No one ever said, Julie, you are to blame for this, you are a horrible person, but no one needed to. Everyone knew that was the truth. It was weeks before my mother could talk to me without asking me, “Why? Why? Why?” For a while, I felt cut off from the warm family life I had always known. That improved over time, although except for my father’s initial compassionate response to me, no one ever said, It’s all right, Julie. We know you didn’t mean for Isabel to die. Only Father Fagan provided that sort of comfort in the weeks and months that followed Izzy’s death, but I really needed to hear those words from someone in my family. And I never did.

CHAPTER 41

Lucy

“Do you recognize that little building?” Julie asked me, as we turned the corner into Bay Head Shores. She pointed to our left, where a tiny antique shop was tucked beneath the on-ramp of the Lovelandtown Bridge.

I shook my head. “Not even a little bit,” I said.

“Well, it looks completely different, of course,” Julie said. “And the big bridge was just a little one back then, but the antique store used to be the corner store. Or at least that’s what we used to call it.You loved the penny candy.”

“I remember the penny candy,” I said, picturing long strips of colorful candy buttons.

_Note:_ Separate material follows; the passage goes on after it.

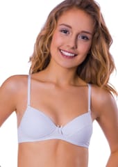 Biustonosz dla nastolatek z wyjątkowo miękkiej bawełny z dodatkiem elastanu, jednolity. Miseczki delikatnie usztywnione gąbeczką, bez fiszbin.

“One time we rode our bikes here and got sprayed by the mosquito truck on the way home,” Julie said.

“I remember that, too,” I said. “I fell off my bike and cut my arm.” I looked at my arm as though expecting to see a scar, but I wasn’t even sure which arm I’d injured. “We’ll probably die premature deaths because of that DDT or whatever it was,” I added.

Julie turned the next corner. “Do you want to drive by the bay and our old beach before we go to Ethan’s?” she asked.

I shook my head. “Later,” I said. I had a urinary-tract infection, which seemed terribly unjust since I hadn’t had sex in months. At that moment, all I could think about was using the bathroom at Ethan’s house.

It was early on Friday afternoon and Ethan had invited Julie, Shannon, Tanner and me to his house for the weekend. Shannon and Tanner had begged out, but I’d accepted. Something was pulling me down to the shore. I wanted to see what I remembered.

For a number of reasons, I wished that Shannon and Tanner were with us. I wanted my niece to see an important part of her mother’s childhood, but more than that, I thought that both Julie and I needed more time with Shannon and Tanner. I liked the little I knew of Tanner. I’d only gotten to spend time with him at the barbecue, but he’d impressed me and I thought Shannon could do far worse than a bright, socially conscious—not to mention handsome—young man. Not nearly young enough; I agreed with Julie on that point. Still, that was not our choice to make. The thing that wrenched my heart and that I knew was killing Julie, was that Shannon wanted to move so far away from us. I remembered what it was like to be young and in love and yearning for my independence, and visiting home had been one of the last things on my mind.

“You know,” I said now to Julie, “we’ll just have to go to Colorado ourselves a couple of times a year. We’ll take Mom with us.”

“What?” She glanced at me in confusion, then laughed. “Oh, you’re back on that topic again.” We’d talked about Shannon and Tanner for most of the ride down the shore, but I could see that Julie had now shifted gears to our old neighborhood and Ethan. “I don’t plan to go to Colorado a couple of times a year,” she said, “because I don’t intend to let Shannon go.”

“She’s pregnant,” I said. “She can become legally emancipated and do whatever she likes if she wants to.”

“Can we talk about this later?” she asked, as we turned yet another corner.

“Sure,” I said. We’d recently gotten into this dance of Julie denying the reality of Shannon’s leaving and me trying to force it down her throat. “Sorry to be a pain,” I added.

To our right, between some houses, I saw the canal.

“Oh!” I said. “Is this our old street?”

“Uh-huh.”

“Wow. I’d never recognize it,” I said. Then I asked rhetorically, “Where did all these houses come from?”

Julie stopped the car in front of a sunny yellow-and-white Cape Cod.

“Do you recognize this one?” she asked.

I didn’t. “Is that ours?” The house meant nothing to me.